An extension for standard statistics
How to design it? Let's recall the article by DeWitt1998 - the author suggested computing statistics attaching to sequential table scans. Postgres has a CustomScan
node mechanism that can be inserted into any part of the query plan and implemented with an arbitrary complexity of the operation. Therefore, such an idea is easy to implement. Also, no one prevents you from adding a new function to the UI using an extension that will go through the entire table and calculate at least ndistinct and MCV with maximum accuracy.
Having standard "lightweight" statistics on the number of ndistinct, you can assess how expensive and feasible it will be in terms of computing resources before deciding to launch such an analysis procedure.
Feeding such refined statistics to the optimiser can be implemented employing two hooks: get_relation_stats_hook
and get_index_stats_hook
. They allow to replace the standard statistics obtained from pg_statistic
with an alternative, as long as it corresponds to the internal Postgres tuple format. The second hook is exciting because it can be used to implement not complete statistics but predicate statistics - that is, statistics based on data selected from a table with a particular filter - an analogue of SQL Server's CREATE STATISTICS ... WHERE ...
.
How to store statistics? For the optimiser to be able to use them correctly, it is evident that their storage format must correspond to the format of storing standard statistics. Nothing is complicated about this since the extension can create its tables - so why not just create table pg_statistic_extra
?
Additional bonuses from creating such an extension may emerge entirely unexpectedly. For example, while writing this post, I realised that it could help solve the dilemma of statistics on a partitioned table: no one likes to spend resources on it since it duplicates the work of calculating statistics for each individual partition. At the same time, it does not change much over time: there are many partitions, and if the data is well spread out, then the statistics for all data change insignificantly (except, perhaps, for the partition key). In addition, the table can be huge, and things like ndistinct in standard statistics can be far from reality. With the help of the extension, you can implement the creation of detailed statistics by event: attach/detach partition, at the time of massive updates, etc., which can allow you to launch a computationally expensive operation more consciously.

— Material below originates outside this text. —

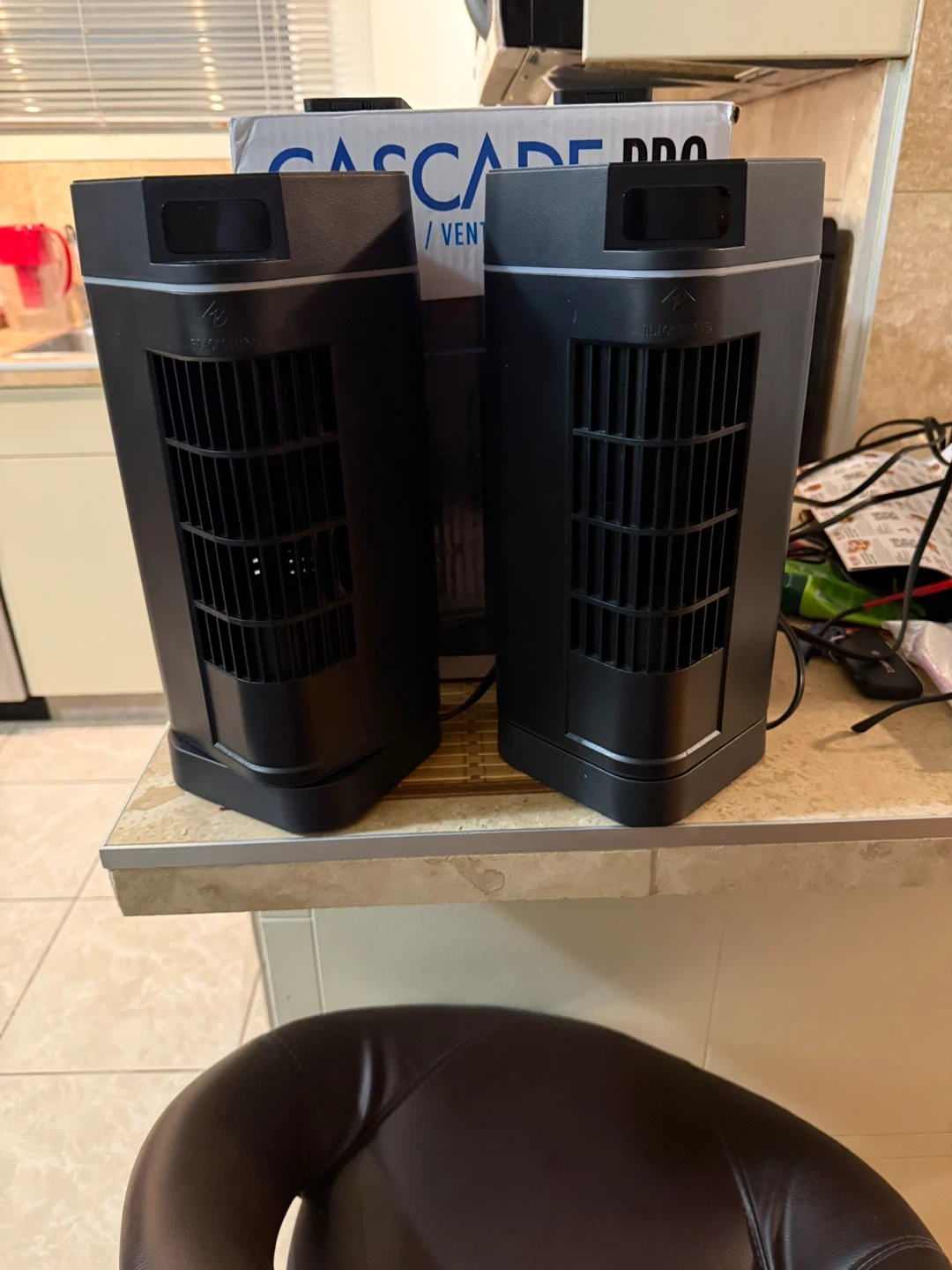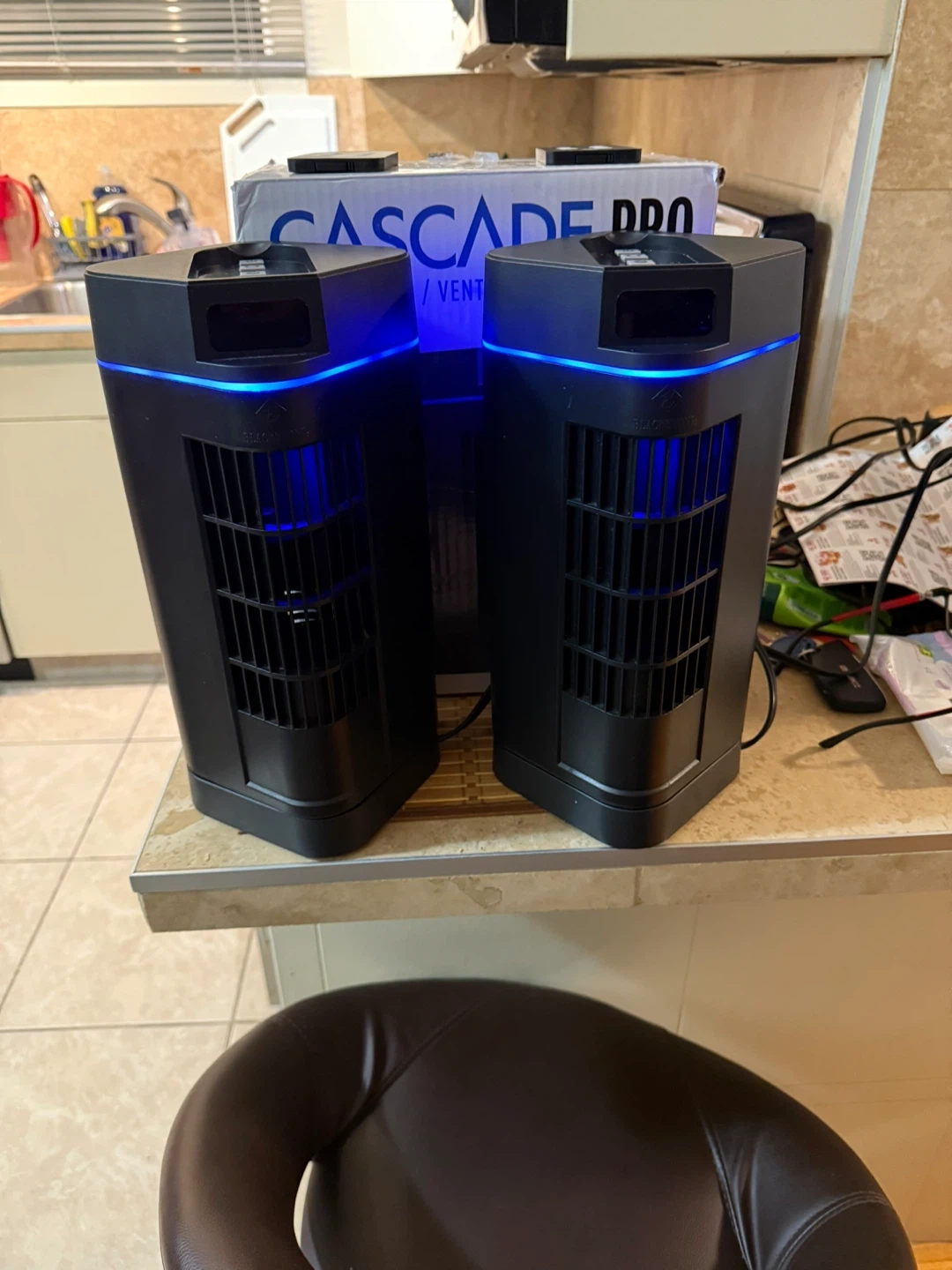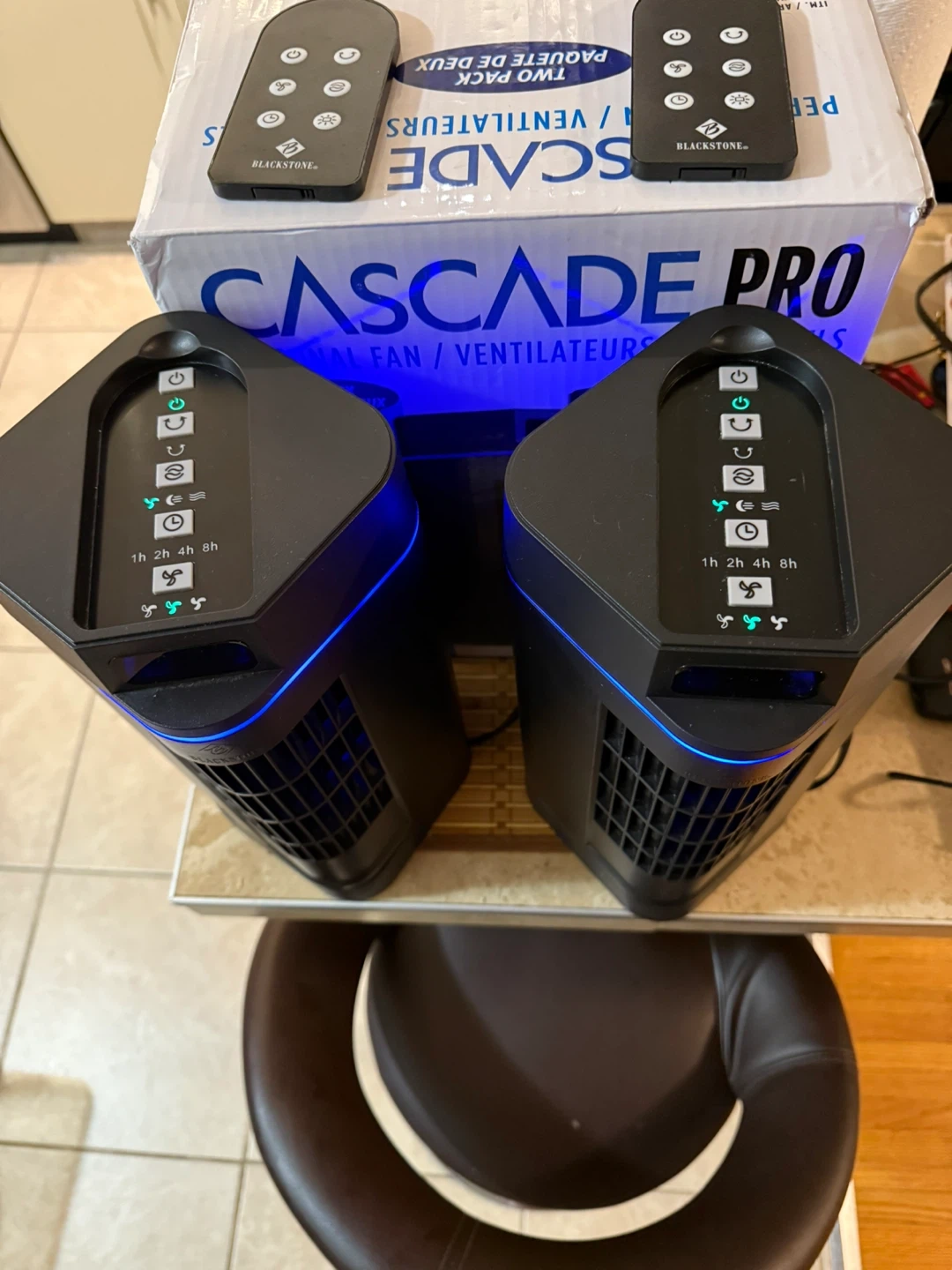 I am selling a set of Cascade Pro personal fans that are in new condition, still in the original packaging. These fans feature 3-speeds, a 15-hour timer, and ultra-quiet oscillation, perfect for personal comfort.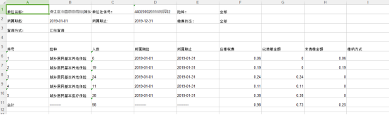 查詢單位名下掛靠的所有城鄉(xiāng)居民保險參保人應征數(shù)據(jù)和清繳情況。

Also, knowing that the table changes rarely, it will be possible to radically simplify the statistics calculation by using indexes or implementing other sampling algorithms (for example, this one)...
That's actually the whole roadmap. All that's left is to find a passionate student, and you can apply with a project to GSoC ;). What do you think about such an extension? Write in the comments.
THE END.
February 2, 2025, South Pattaya, Thailand.